3. EDUCATION AND INSTRUCTION
Education and instruction are especially affected by the difficulties that are engendered by the lack of a main tendency in life and of a transcendence of the superficiality of time. For the lively interest which its questions provoke, the incalculable amount of work and activity that is called forth in this department, do not produce their full result, because we do not possess enough life of our own of a definite character to be able to test and sort, to clarify and deepen, that which is presented to us. And so in conflict with one another we use up much power without making much progress in the most important matter.
Educational reform is the catchword, but we have no philosophy of education that is based upon a securely established conviction concerning life as a whole, and we trouble ourselves very little to obtain one. We wish to improve education, and yet we have not come to an understanding with regard to its ideals, its possibility, and its conditions. Education must be fundamentally different in character, according as man is regarded as a particular and exclusively individual being, or as a being in whom a new and universal life seems to emerge; according as he is only an elevated being of nature or in the highest degree possible a spiritual being; according as the higher proceeds from the lower gradually and surely after the manner of organic growth, or we must find a new starting-point and accomplish a revolution.
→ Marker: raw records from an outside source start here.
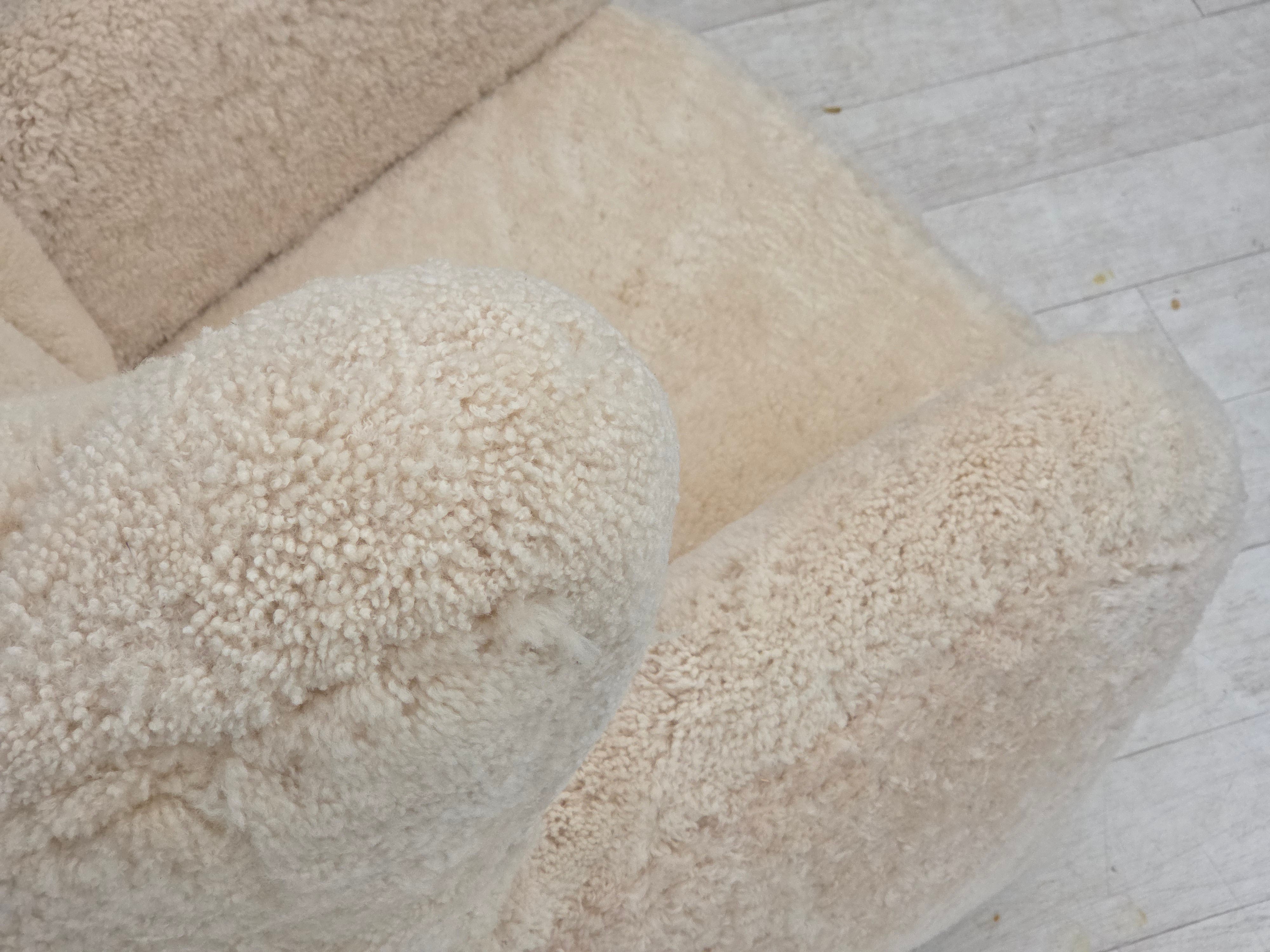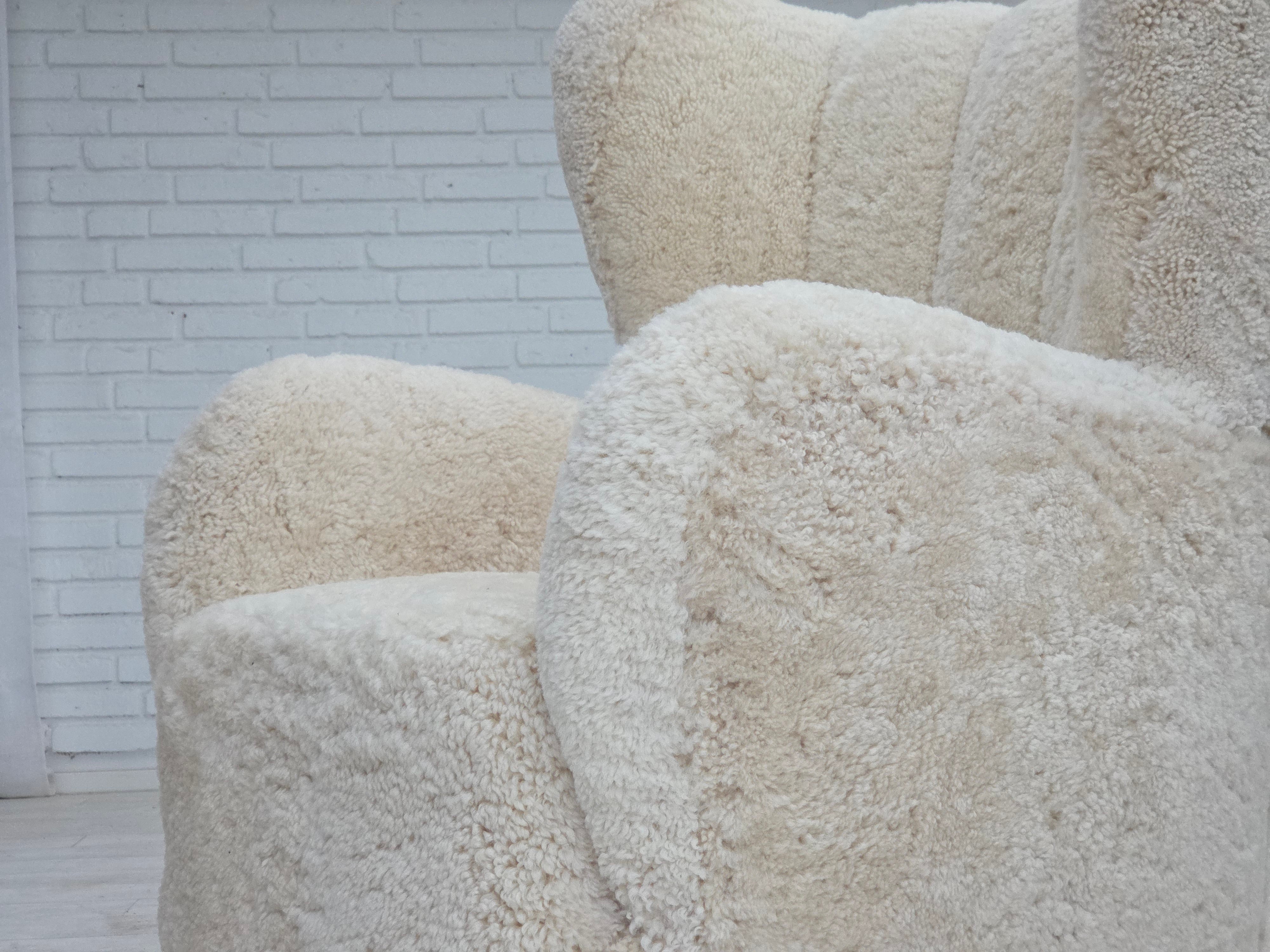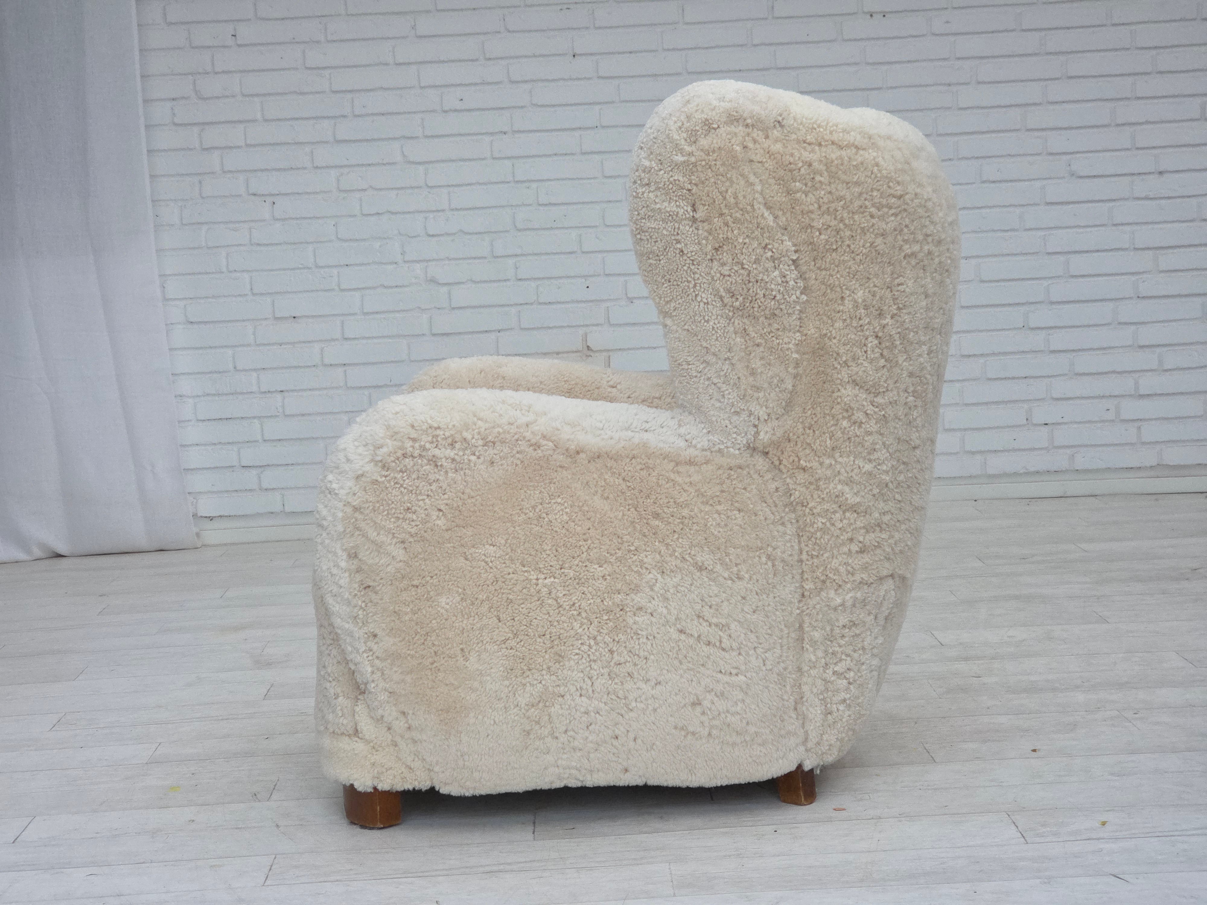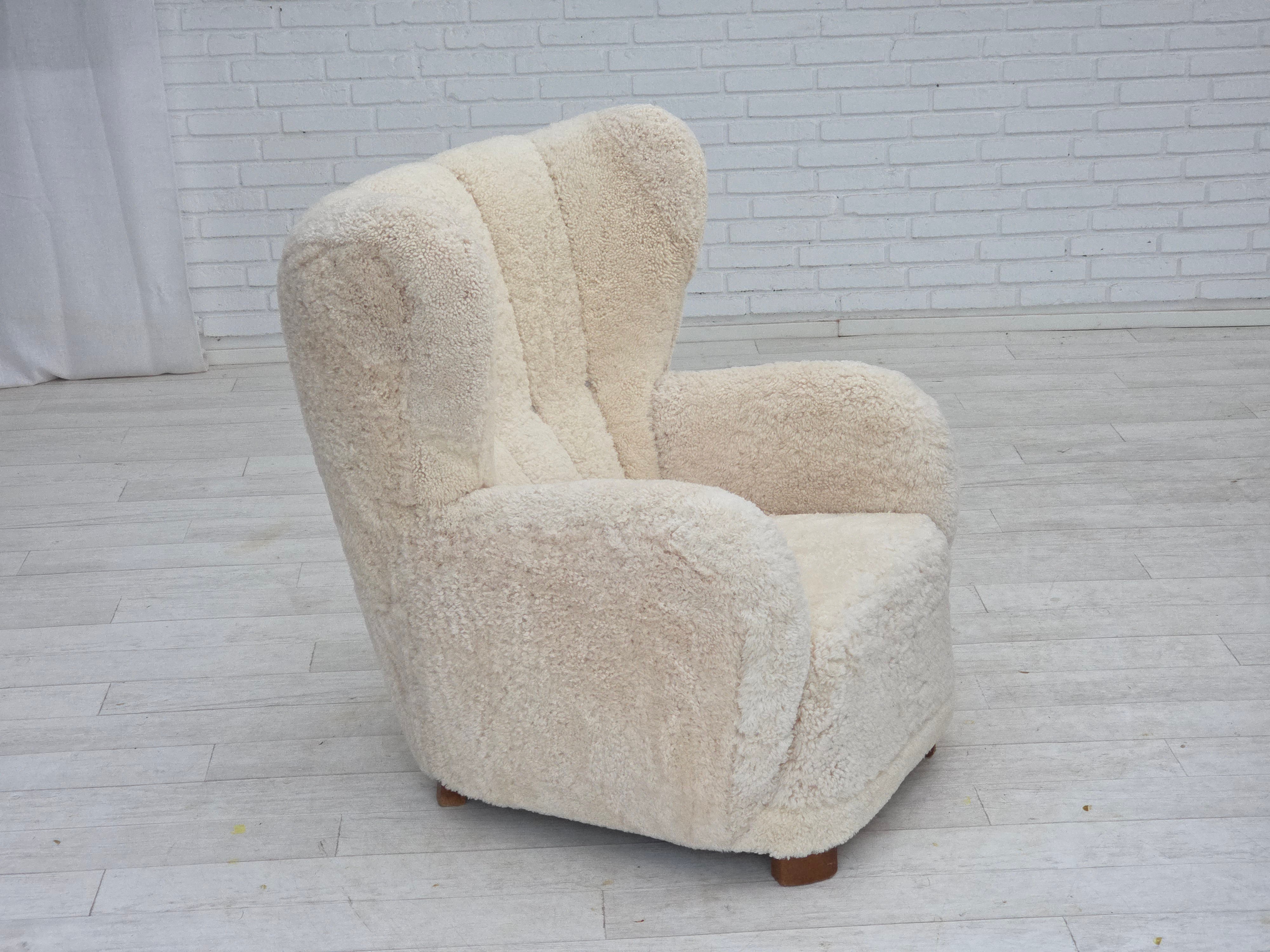 1960erne, Dansk højrygget lænestol, ægte fåreskind "Canberra", reupholsteret.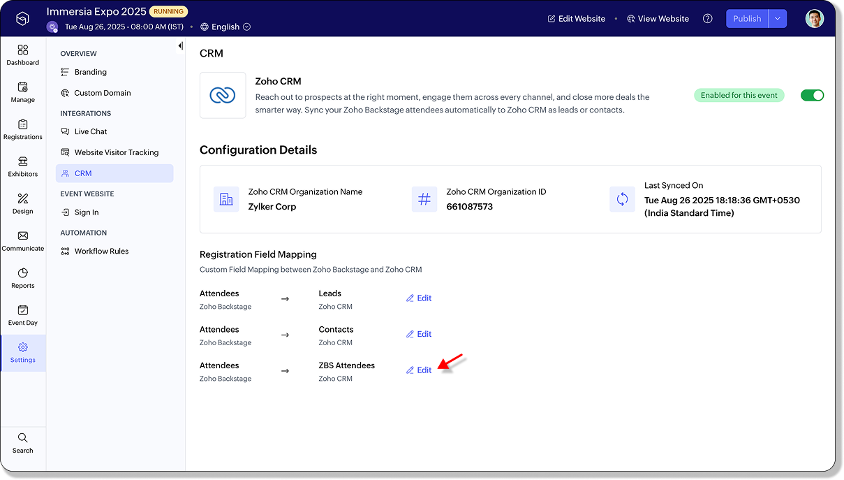 - In the Edit panel, map the Zoho Backstage fields to the appropriate Zoho CRM fields.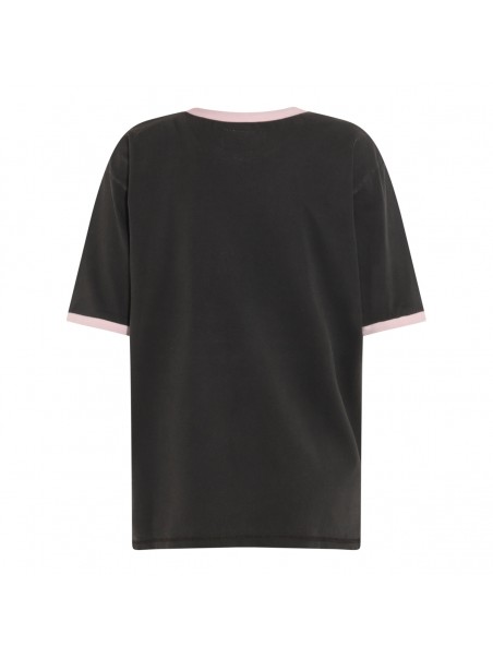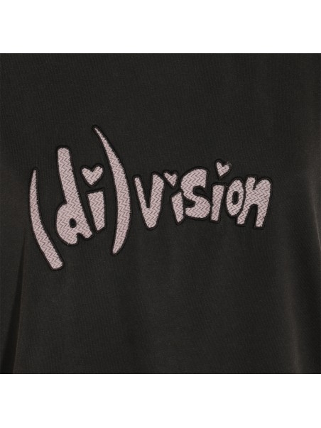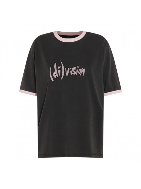 Black cotton t-shirt from (Di)vision featuring round collar, short sleeves, oversize vestibility and frontal print.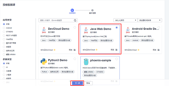 选择名为“Java Web Demo”的官方代码仓库模板,点击“下一步”。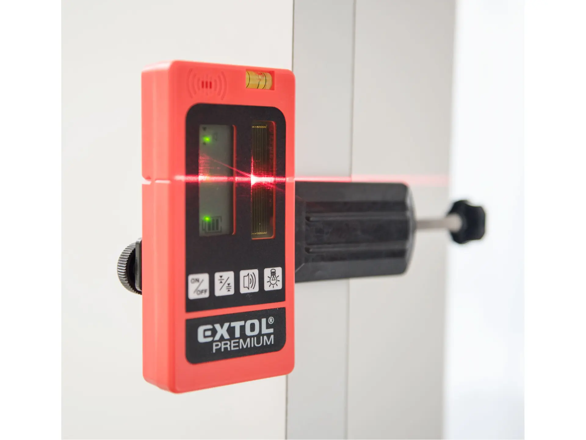 • příjímač detekuje jak červené, tak i zelené laserové paprsky s frekvenční charakteristikou 10kHz (+- 10%), za podmínky, že jsou vysílány laserovými přístroji v tzv. pulsním módu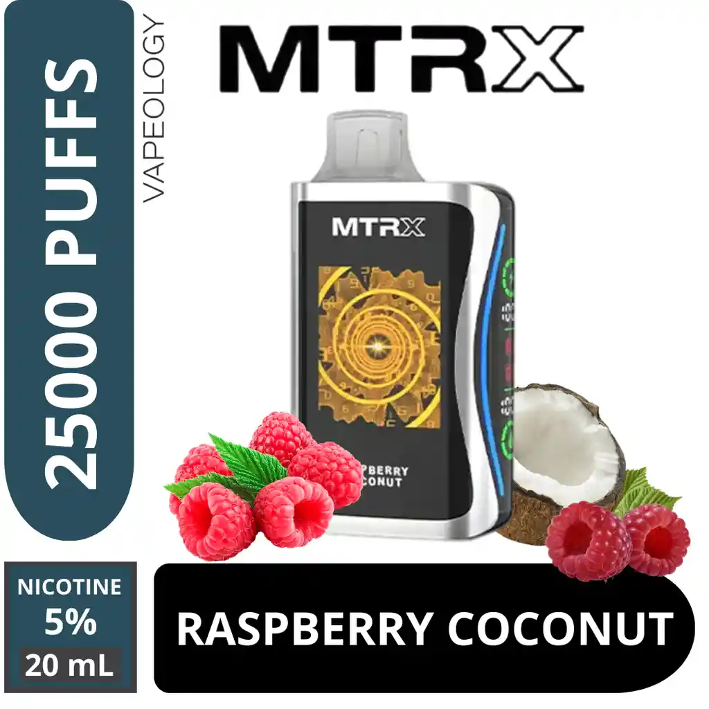 MTRX Vape MX25000 Frambuesa Coco. • E-líquido precargado de 20 ml • 5 % (50 mg) de concentración de nicotina • Batería recargable tipo C de 900 mAh • Aproximadamente 25 000 bocanadas • Bobina de malla cuádruple • Cambia automáticamente las bobinas dobles cada 10 segundos • Pantalla HD dual • 3 animaciones de vapeo únicas.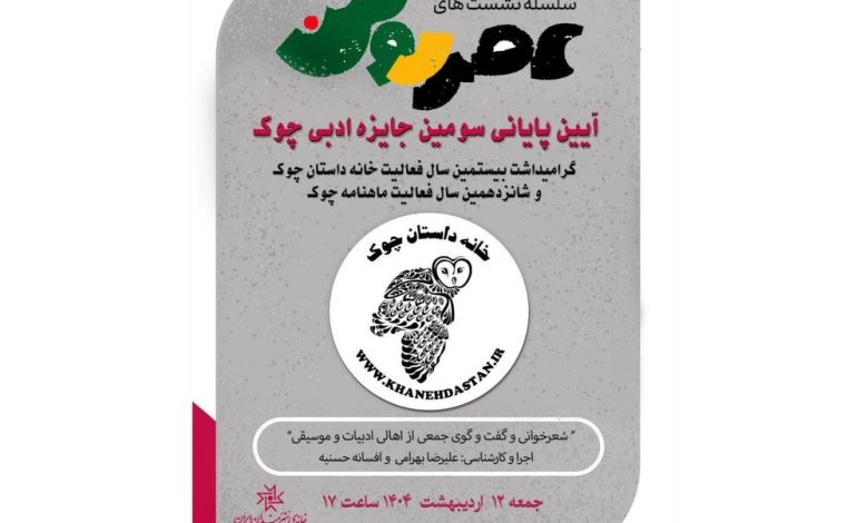 به گزارش انرژی ورزشی، نشست اردیبهشت از سلسله نشستهای عصر روشن در خانه هنرمندان ایران، با محوریت جایزه ادبی چوک برگزار میشود. در آیین پایانی سومین جایزه ادبی چوک، همچنین بیستمین سال فعالیت خانه داستان چوک و شانزدهمین سال فعالیت ماهنامه ادبی چوک، گرامی داشته میشود.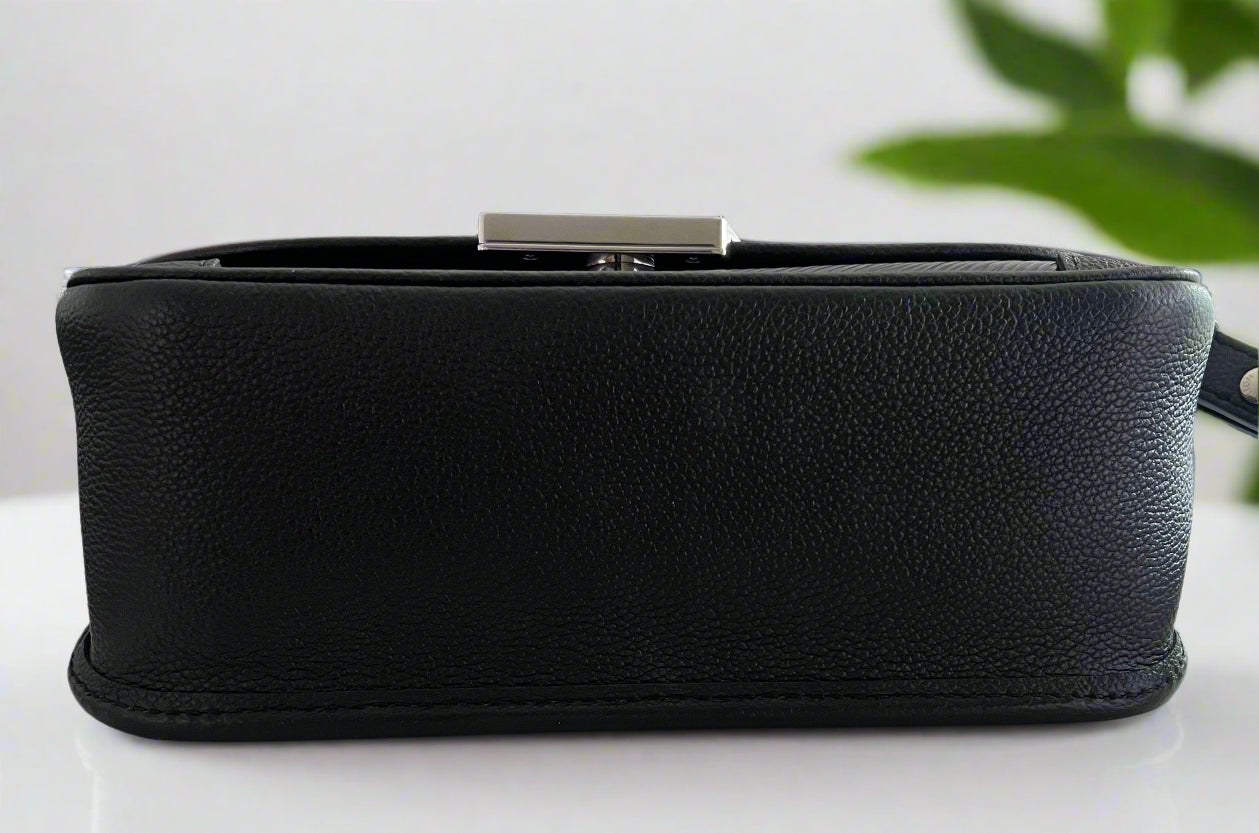 Pre-Owned Louis Vuitton Black Epi Leather Buci. Smooth epi leather while a black resin LV ornament clasp. Also includes a convertible strap and dust bag.

Further, an individualistic training, as it dominated the classical systems of pedagogy, is no longer sufficient; the relation to society must also be fully appreciated, and be effective. But attention to this requirement involves us in the danger of treating the problem of education too externally, and of bringing all more or less to the same level; and this danger must be overcome. Yet how can it be overcome, unless we possess securely a depth, unless we acknowledge the presence of the infinite within the human being, as it is comprehended in our conviction of the spiritual life?